Acceptable data sharing methods are listed below, accompanied by guidance for authors as to what must be included in their Data Availability Statement and how to follow best practices in research reporting.
PLOS believes that sharing data fosters scientific progress. Data availability allows and facilitates:
- Validation, replication, reanalysis, new analysis, reinterpretation or inclusion into meta-analyses;
- Reproducibility of research;
- Efforts to ensure data are archived, increasing the value of the investment made in funding scientific research;
- Reduction of the burden on authors in preserving and finding old data, and managing data access requests;
- Citation and linking of research data and their associated articles, enhancing visibility and ensuring recognition for authors, data producers and curators.

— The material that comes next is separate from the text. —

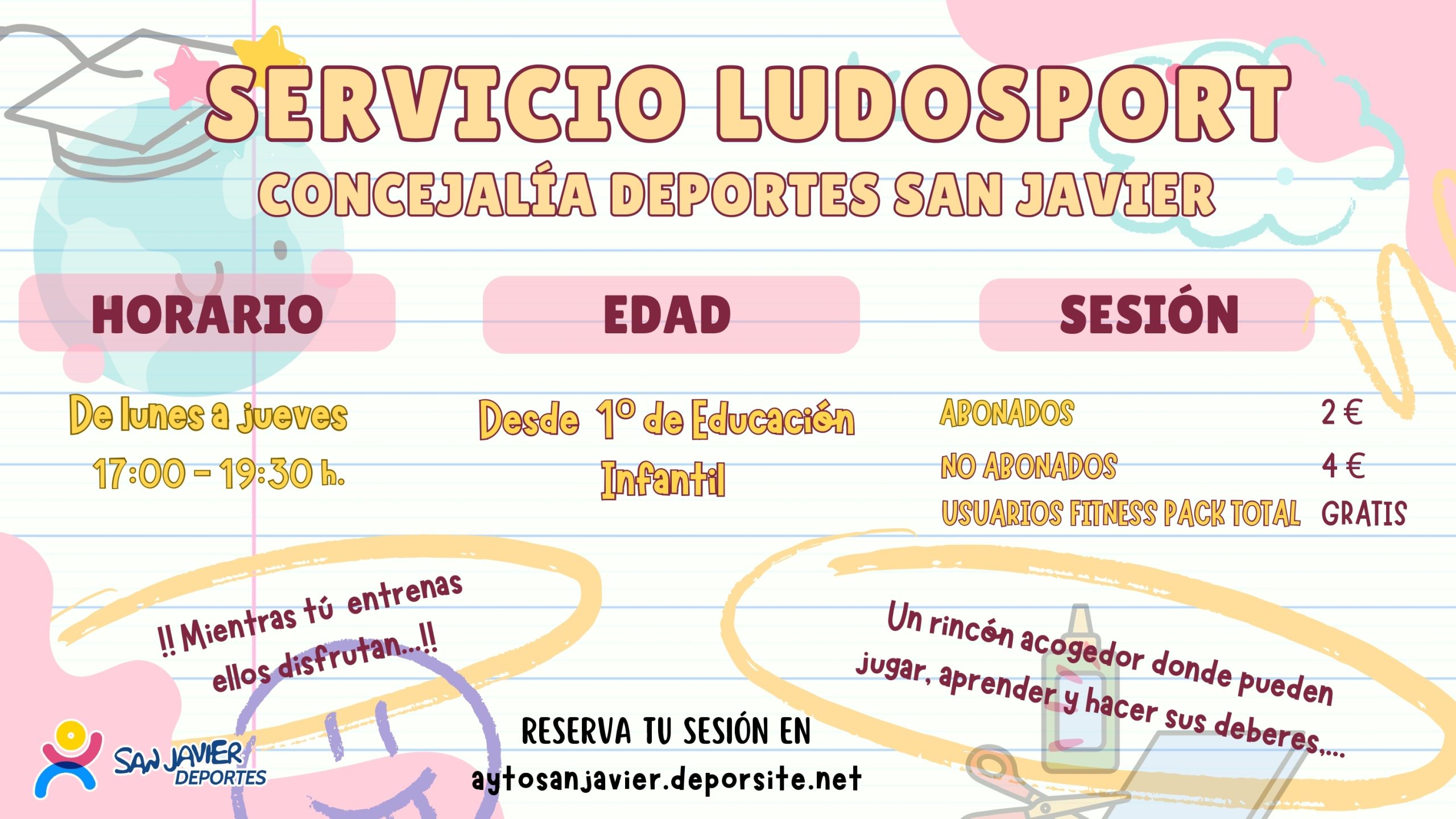La Concejalía de Deportes del Ayto. de San Javier ha puesto en marcha en el día de ayer, miércoles 1 de octubre, el “Servicio de LudoSport”, con el objetivo de facilitar la conciliación de la vida familiar y la práctica del deporte: Para ello, la Concejalía propone a todas aquellas familias interesadas en disfrutar de su deporte preferido en el Polideportivo, mientras sus retoños están cuidados por un técnico cualificado, que lo motivará para participar activamente en diferentes juegos, actividades lúdicas y hacer sus deberes.

Publication is conditional on compliance with this policy. If restrictions on access to data come to light after publication, we reserve the right to post a Correction, an Editorial Expression of Concern, contact the authors' institutions and funders, or, in extreme cases, retract the publication.
PLOS journals highlight repository use with our Accessible Data icon, an experimental feature that appears on any research article with a link to selected repositories in its Data Availability Statement.

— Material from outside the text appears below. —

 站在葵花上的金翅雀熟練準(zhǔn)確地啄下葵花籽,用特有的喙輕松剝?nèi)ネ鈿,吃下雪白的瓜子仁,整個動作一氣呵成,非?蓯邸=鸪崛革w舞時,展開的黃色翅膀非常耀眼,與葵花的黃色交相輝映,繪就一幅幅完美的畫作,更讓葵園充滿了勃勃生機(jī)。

Minimal Data Set Definition
Authors must share the “minimal data set” for their submission. PLOS defines the minimal data set to consist of the data required to replicate all study findings reported in the article, as well as related metadata and methods. Additionally, PLOS requires that authors comply with field-specific standards for preparation, recording, and deposition of data when applicable.
For example, authors should submit the following data:
- The values behind the means, standard deviations and other measures reported;
- The values used to build graphs;
- The points extracted from images for analysis.

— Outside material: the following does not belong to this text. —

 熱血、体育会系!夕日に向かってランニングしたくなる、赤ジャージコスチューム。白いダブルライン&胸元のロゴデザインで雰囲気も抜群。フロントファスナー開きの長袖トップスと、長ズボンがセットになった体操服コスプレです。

Authors do not need to submit their entire data set if only a portion of the data was used in the reported study. Also, authors do not need to submit the raw data collected during an investigation if the standard in the field is to share data that have been processed.
PLOS does not permit references to “data not shown.” Authors should deposit relevant data in a public data repository or provide the data in the manuscript.
We require authors to provide sample image data in support of all reported results (e.g. for immunohistochemistry images, fMRI images, etc.), either with the submission files or in a public repository.
For manuscripts submitted to PLOS Biology, PLOS ONE, PLOS Climate, PLOS Water, PLOS Global Public Health or PLOS Mental Health on or after July 1, 2019, authors must provide original, uncropped and minimally adjusted images supporting all blot and gel results reported in the article’s figures and Supporting Information files. Whilst it is not necessary to provide original images at time of initial submission, we will require these files during the peer review process or before a submission can be accepted for publication.
When reviewing concerns arising after publication in relation to images shown, we may request available underlying data for any image files depicted in the article, as needed to resolve the concern(s).
Acceptable Data Sharing Methods
Deposition within data repository (strongly recommended)
All data and related metadata underlying reported findings should be deposited in appropriate public data repositories, unless already provided as part of a submitted article. Repositories may be either subject-specific repositories that accept specific types of structured data, or cross-disciplinary generalist repositories that accept multiple data types.
If field-specific standards for data deposition exist, PLOS requires authors to comply with these standards. Authors should select repositories appropriate to their field of study (for example, ArrayExpress or GEO for microarray data; GenBank, EMBL, or DDBJ for gene sequences).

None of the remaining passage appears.